++++ Source material ++++

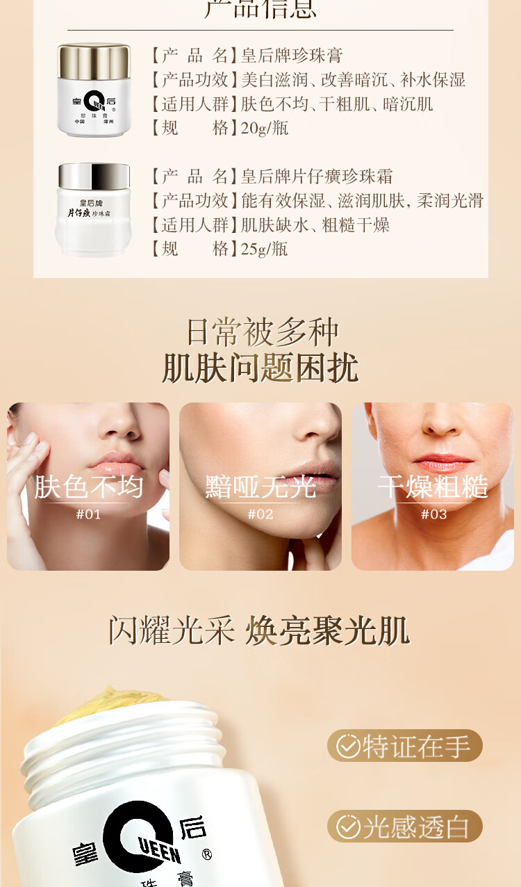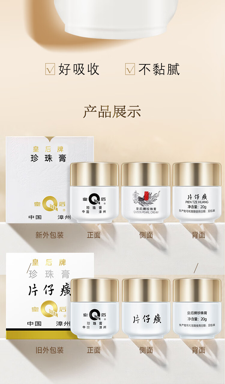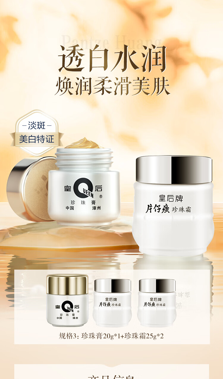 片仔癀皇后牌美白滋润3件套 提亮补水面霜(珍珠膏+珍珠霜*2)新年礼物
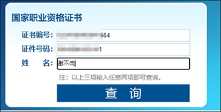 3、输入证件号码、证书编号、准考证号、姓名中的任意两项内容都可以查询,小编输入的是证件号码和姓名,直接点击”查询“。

++++
++++ Source material ++++

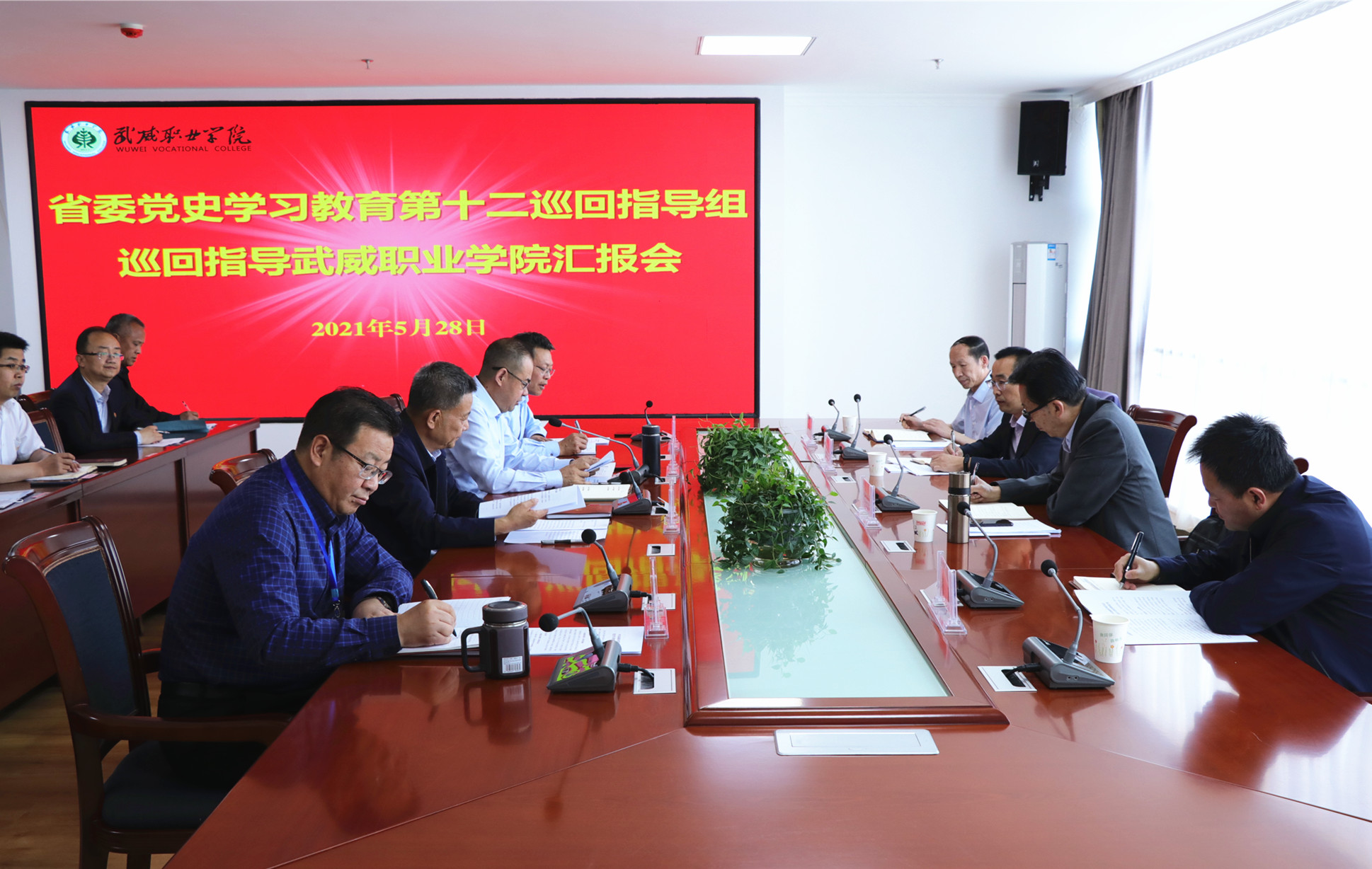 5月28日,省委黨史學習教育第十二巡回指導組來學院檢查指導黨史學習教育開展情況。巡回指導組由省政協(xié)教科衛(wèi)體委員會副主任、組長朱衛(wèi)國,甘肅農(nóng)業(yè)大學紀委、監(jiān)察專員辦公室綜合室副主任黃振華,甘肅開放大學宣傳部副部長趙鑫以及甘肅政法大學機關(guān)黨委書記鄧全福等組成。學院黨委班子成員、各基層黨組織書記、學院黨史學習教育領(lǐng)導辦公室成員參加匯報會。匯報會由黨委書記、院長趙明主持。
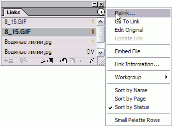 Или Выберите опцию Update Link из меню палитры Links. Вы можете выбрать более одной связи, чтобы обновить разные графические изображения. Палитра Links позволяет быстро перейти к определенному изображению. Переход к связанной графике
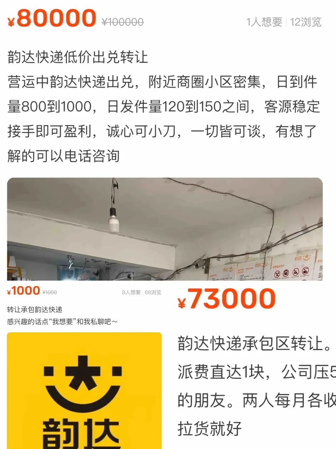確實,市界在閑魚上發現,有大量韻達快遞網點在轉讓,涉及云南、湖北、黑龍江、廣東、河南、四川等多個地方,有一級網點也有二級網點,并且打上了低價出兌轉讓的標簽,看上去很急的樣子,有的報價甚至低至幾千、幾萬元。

++++

Your goal ->
Your answer is the exact run of lines above from the one with "5月28日,省委黨史學習教育" through the one with "確實,市界在閑魚上發現,有大", both ends included, minus any picture.

Response ->
 5月28日,省委黨史學習教育第十二巡回指導組來學院檢查指導黨史學習教育開展情況。巡回指導組由省政協(xié)教科衛(wèi)體委員會副主任、組長朱衛(wèi)國,甘肅農(nóng)業(yè)大學紀委、監(jiān)察專員辦公室綜合室副主任黃振華,甘肅開放大學宣傳部副部長趙鑫以及甘肅政法大學機關(guān)黨委書記鄧全福等組成。學院黨委班子成員、各基層黨組織書記、學院黨史學習教育領(lǐng)導辦公室成員參加匯報會。匯報會由黨委書記、院長趙明主持。
 Или Выберите опцию Update Link из меню палитры Links. Вы можете выбрать более одной связи, чтобы обновить разные графические изображения. Палитра Links позволяет быстро перейти к определенному изображению. Переход к связанной графике
確實,市界在閑魚上發現,有大量韻達快遞網點在轉讓,涉及云南、湖北、黑龍江、廣東、河南、四川等多個地方,有一級網點也有二級網點,并且打上了低價出兌轉讓的標簽,看上去很急的樣子,有的報價甚至低至幾千、幾萬元。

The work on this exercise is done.